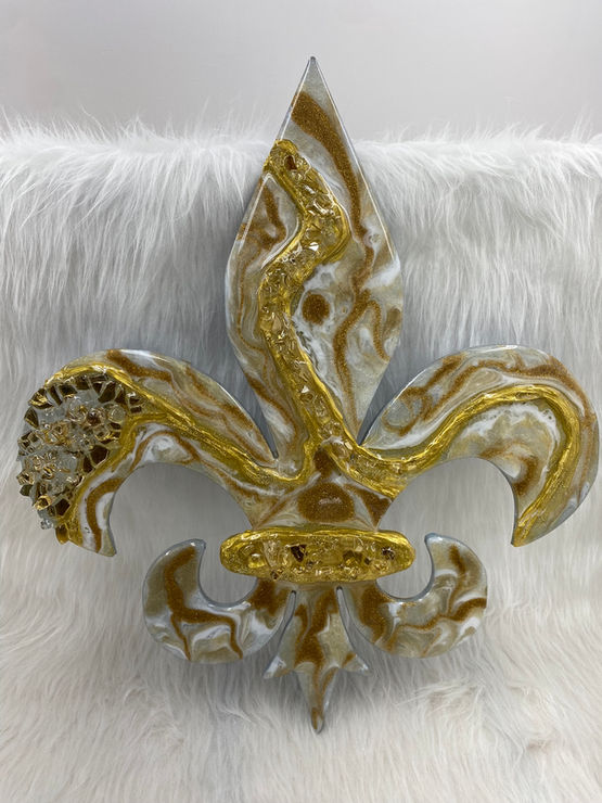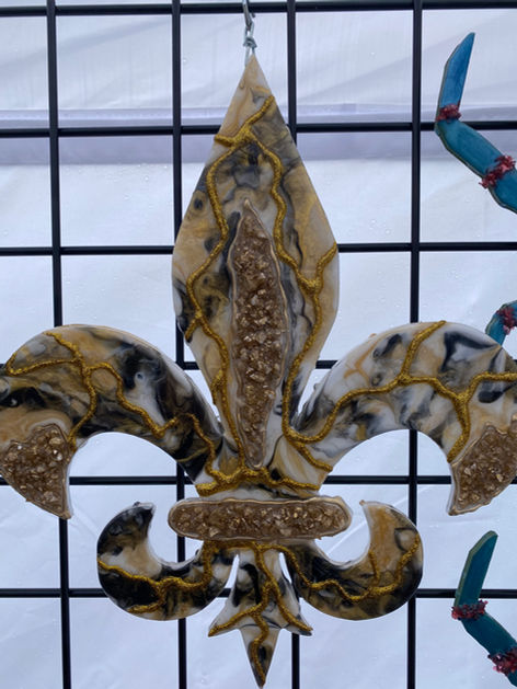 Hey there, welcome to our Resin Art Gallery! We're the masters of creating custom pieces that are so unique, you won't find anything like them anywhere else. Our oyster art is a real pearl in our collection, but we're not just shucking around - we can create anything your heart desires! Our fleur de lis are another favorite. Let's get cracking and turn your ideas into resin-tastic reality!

==

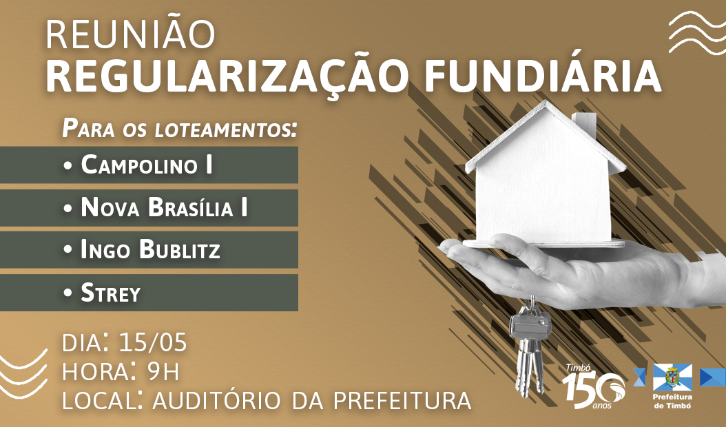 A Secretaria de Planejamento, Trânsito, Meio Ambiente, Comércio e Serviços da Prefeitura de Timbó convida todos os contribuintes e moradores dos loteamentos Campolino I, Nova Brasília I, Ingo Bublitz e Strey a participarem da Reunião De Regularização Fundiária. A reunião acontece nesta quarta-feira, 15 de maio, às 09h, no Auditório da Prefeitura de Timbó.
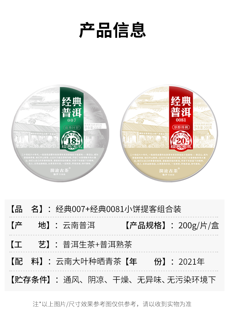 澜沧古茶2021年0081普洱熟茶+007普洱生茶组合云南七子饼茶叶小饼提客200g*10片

• [Aim of the exercise]
Above are the records; copy exactly the lines from the one with "A Secretaria de" through the one with "澜沧古茶2021年0081普", including both, and nothing more. Leave out pictures.

• [Exercise response]
 A Secretaria de Planejamento, Trânsito, Meio Ambiente, Comércio e Serviços da Prefeitura de Timbó convida todos os contribuintes e moradores dos loteamentos Campolino I, Nova Brasília I, Ingo Bublitz e Strey a participarem da Reunião De Regularização Fundiária. A reunião acontece nesta quarta-feira, 15 de maio, às 09h, no Auditório da Prefeitura de Timbó.
 澜沧古茶2021年0081普洱熟茶+007普洱生茶组合云南七子饼茶叶小饼提客200g*10片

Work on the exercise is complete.